The new system can be used at flowrates of up to 1500 cubic metres per hour, meaning it can be applied to many different types of vessel. SKF is confident that the efficiency of this system, coupled with a greater environmental awareness on the part of ship owners and operators, will make it an attractive option.
The overarching regulation that covers treatment of ballast water is issued by the International Maritime Organization (IMO), which specifies that all vessels built since 2017 must be fitted with a ballast water management system (BWMS). For those vessels built before 2017, owners and operators must have a plan to install such a system no later than 2024. This rule affects around 47,000 vessels, while fewer than 7,000 have been retrofitted to date.
However, the US Coastguard currently has rules of its own in place that go further than those of the IMO. While the IMO would seem to take precedence, ships that want to enter US waters must also meet the tougher rules set by the US Coastguard.
While the IMO specifies that organisms must not be ‘viable’ (that is, unable to replicate in future), the US Coastguard’s regulations go further, insisting that organisms must have been completely destroyed before the water is discharged.
But recently, the US Senate passed the Vessel Incidental Discharge Act (VIDA), which now means that organisms that cannot reproduce are considered as being dead for the purposes of the regulation. This paves the way for UV-based ballast water treatment systems to gain US type approval and will harmonize the USCG’s approach with that of the IMO. It should also help “streamline a broken regulatory system” where vessels in the US are “subject to inconsistent and duplicative vessel discharge regulations from 25 states and two federal agencies."
It is the pre-2017 vessels where SKF sees an urgent need for ballast water management systems. SKF’s BlueSonic BWMS just passed land-based tests and is now being prepared for tests at sea. Both are needed for type approval by IMO and US Coastguard. Full certificatation and commercialization is expected for early 2020. This will be in plenty of time for the 2024 cut-off date for retrofitting a BWMS.

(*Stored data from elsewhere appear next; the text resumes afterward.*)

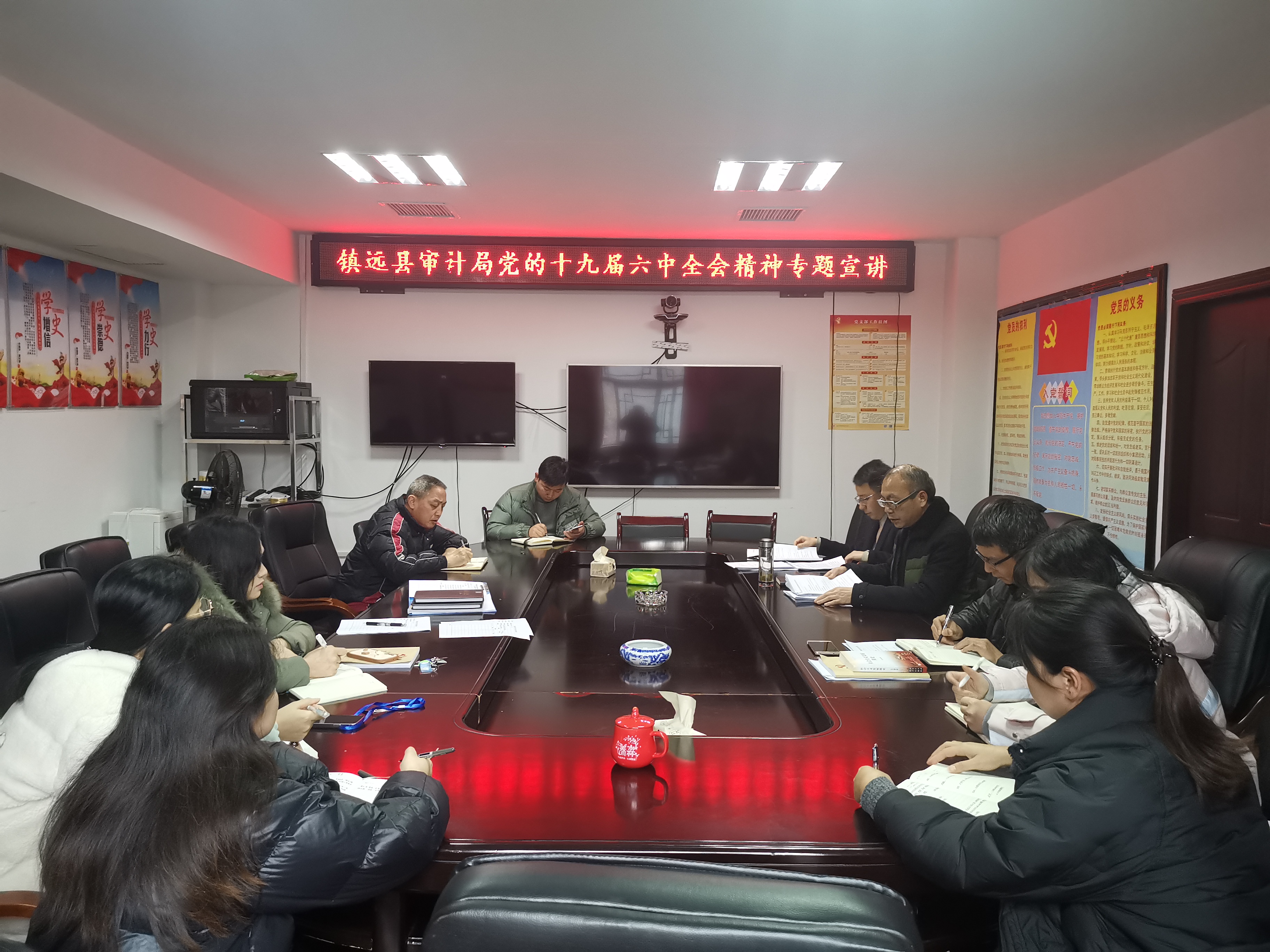 为深入学习宣传贯彻党的十九届六中全会精神,2022年1月10日上午,镇远县审计局党组书记、局长聂敦峰同志在局机关开展党的十九届六中全会精神专题宣讲,镇远县审计局全体党员干部参加了宣讲会。
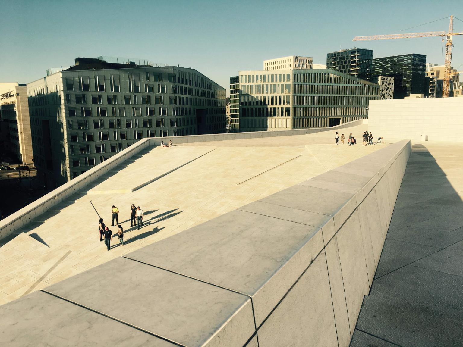 這份極致融入城市的姿態,被定義為一片具有可及性、可親近並可在上頭散步的雕塑。從地面前的這道巨大坡面慢慢往上攀登,越是上到屋頂的高處就越能夠享受到奧斯陸城市街景之變化的樂趣。
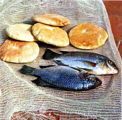 빵 다섯 개와 물고기 두 마리 뿐입니다.
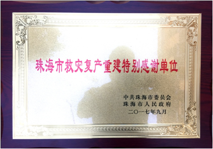 9月,中共珠海市委市人民政府授予綠友集團“珠海市救災(zāi)重建特別感謝單位”榮譽稱號。
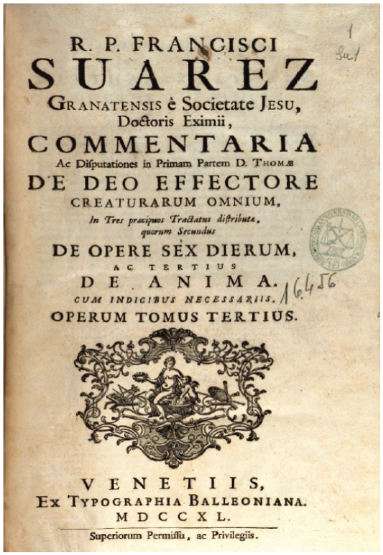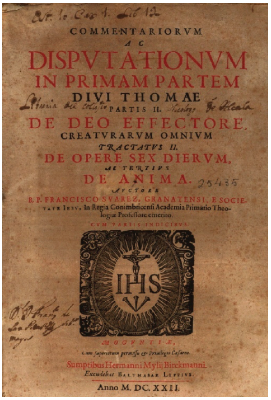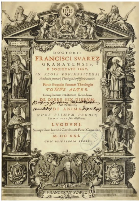 A la muerte de Suárez (1617) algunos de sus escritos permanecían aún inéditos. De ellos se hablaba ya en las primeras cartas que comunicaban su fallecimiento. Así, el P. Núñez Mascarenhas, superior de la casa de Lisboa donde falleció el insigne teólogo, decía al provincial de la Compañía de Jesús en el reino de Aragón: “El P. Suárez se había recogido en el Noviciado para preparar la impresión de varios volúmenes: primero, el De Angelis; segundo, el De opere sex dierum [en adelante, DOSD]; tercero, De fide; cuarto y quinto, De gratia . De auxiliis; sexto y séptimo, De statu religionis; octavo, De voluntario et involuntario”3. Unos días después, el rector del colegio de Coimbra en el que Suárez vivió desde su llegada a Portugal, Antonio de Abreu, se dirigía a Vitelleschi, general de los jesuitas de entonces, con las siguientes palabras: “Fuera de los trece volúmenes que tiene publicados, compuso el P. Suárez otros siete u ocho. Y no dudo que el P. Provincial o el que le suceda, tomará a pecho su impresión. Empero, esas obras han de ser tan útiles a la Compañía […] que me atrevo a suplicar a V. paternidad recomiende con mucha instancia dichas publicaciones al P. Provincial y al rector que va a reemplazarme en este colegio, pues aquí es efectivamente donde están los papeles del difunto”4. Siguiendo este parecer, Vitelleschi decidió que el trabajo de edición e impresión de aquellas obras inéditas fuera realizado en Coimbra por Balthasar Álvarez. Balthasar Álvarez (1561-1630) era un jesuita, profesor de filosofía y teología en la Universidad de Évora, de la que llegó a ser rector. La razón de su elección como editor de los escritos póstumos de Suárez parece haber sido, más que su trayectoria académica, el vínculo personal de una larga amistad con Suárez5.
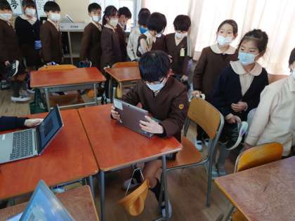 今日は3年生がクラブ見学をしています。各クラスに分かれてクラブを見学しています。

Only a limited number of systems currently have the relevant approval. Of these,as of today there are only six UV-based systems currently approved by the US Coastguard, plus five more that are under review. UV systems account for around 50% of the market: they are relatively easy to install, have very low safety concerns and work independently of salinity and temperature.
As well as offering a new way of working, which ensures constant operation, and has no need for chemical cleaning, the new SKF system has a further advantage: it is backed by their worldwide support network, with guaranteed quick service when required.
This, combined with an increasing environmental awareness among ship owners and operators, suggests that the future for UV treatment systems is bright.